= RECORDS FOR THE EXERCISE =
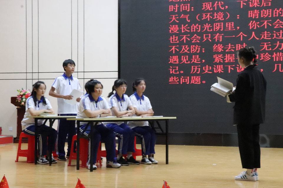 及肩的长发,手拿圆扇半遮面,身穿交领的红白色长袖襦裙,在舞台上,一个神态一个动作皆是万般风情,细碎的舞步,飞扬的裙摆,传神的眉目,动人的姿态。一曲古风被演绎的轻灵曼妙,使人沉醉。柔后便是刚,一幕幕话剧的呈现,无论是扮演学生亦或是老师,都能感受到这些19级新生的热情;一个个军体表演的展示,那些迷彩的身影,挺拔伫立,仿佛在等出征的号角打响,同学们甚至可以看见想象到数年前硝烟弥漫的战场上,鲜红的回忆;一句句洪亮的声音,着装整齐的男女生合唱,共筑中华人民的新篇章。话剧、军体拳和合唱中寄托着浓浓的缅怀历史的情思。白色象征着庄重,黑色象征着沉稳,同学们的声音整齐嘹亮,铿锵有力,谱写中国的复兴梦,朗诵中寄托的中国梦激励着学子们为了中华民族伟大复兴不断地努力学习奋斗。
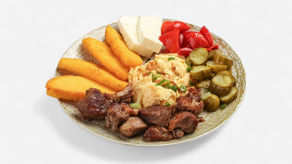 Mămăligă prăjită,telemea de oi,gogoșari în oțet ,castraveți marinați,ceapă verde,carne de porc coaptă,ouă - 450g
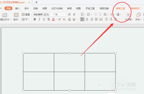 2、选中表格,点击上方的表格东西。
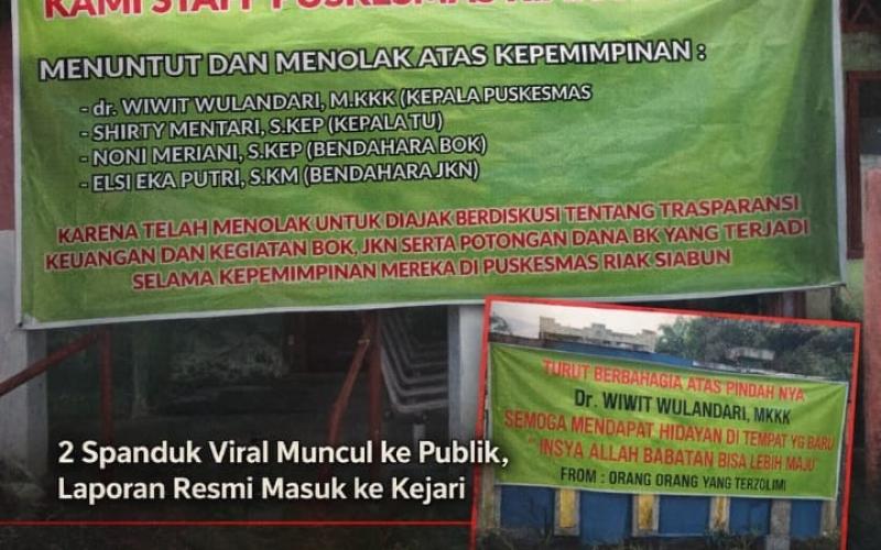 Namun demikian, belum ada keterangan resmi yang memastikan keterkaitan langsung antara isi spanduk tersebut dengan dugaan praktik yang dilaporkan di Puskesmas Riak Siabun. Dugaan tersebut masih memerlukan pembuktian serta klarifikasi dari pihak-pihak terkait.
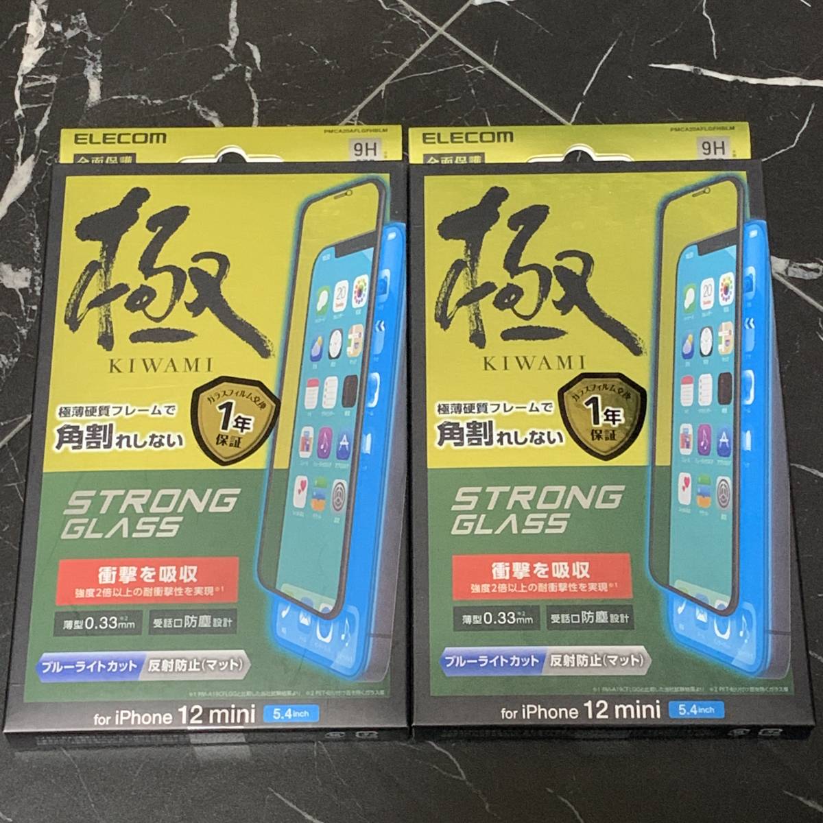 - 新品・送料無料■エレコム・ELECOM■iPhone 12 mini 極 全面保護 超強化ガラスフィルム 9H 反射防止 マット ブルーライトカット■2個セット
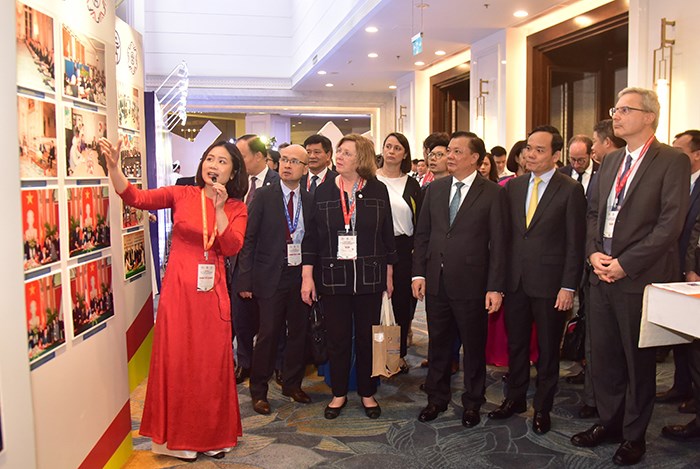 | Các đại biểu cấp cao Việt Nam - Pháp tham quan triển lãm. |

= AIM OF THE EXERCISE =
Your answer must be an exact copy of the data above, minus its pictures.

= ANSWER BOX =
 及肩的长发,手拿圆扇半遮面,身穿交领的红白色长袖襦裙,在舞台上,一个神态一个动作皆是万般风情,细碎的舞步,飞扬的裙摆,传神的眉目,动人的姿态。一曲古风被演绎的轻灵曼妙,使人沉醉。柔后便是刚,一幕幕话剧的呈现,无论是扮演学生亦或是老师,都能感受到这些19级新生的热情;一个个军体表演的展示,那些迷彩的身影,挺拔伫立,仿佛在等出征的号角打响,同学们甚至可以看见想象到数年前硝烟弥漫的战场上,鲜红的回忆;一句句洪亮的声音,着装整齐的男女生合唱,共筑中华人民的新篇章。话剧、军体拳和合唱中寄托着浓浓的缅怀历史的情思。白色象征着庄重,黑色象征着沉稳,同学们的声音整齐嘹亮,铿锵有力,谱写中国的复兴梦,朗诵中寄托的中国梦激励着学子们为了中华民族伟大复兴不断地努力学习奋斗。
 Mămăligă prăjită,telemea de oi,gogoșari în oțet ,castraveți marinați,ceapă verde,carne de porc coaptă,ouă - 450g
 2、选中表格,点击上方的表格东西。
 Namun demikian, belum ada keterangan resmi yang memastikan keterkaitan langsung antara isi spanduk tersebut dengan dugaan praktik yang dilaporkan di Puskesmas Riak Siabun. Dugaan tersebut masih memerlukan pembuktian serta klarifikasi dari pihak-pihak terkait.
 - 新品・送料無料■エレコム・ELECOM■iPhone 12 mini 極 全面保護 超強化ガラスフィルム 9H 反射防止 マット ブルーライトカット■2個セット
 | Các đại biểu cấp cao Việt Nam - Pháp tham quan triển lãm. |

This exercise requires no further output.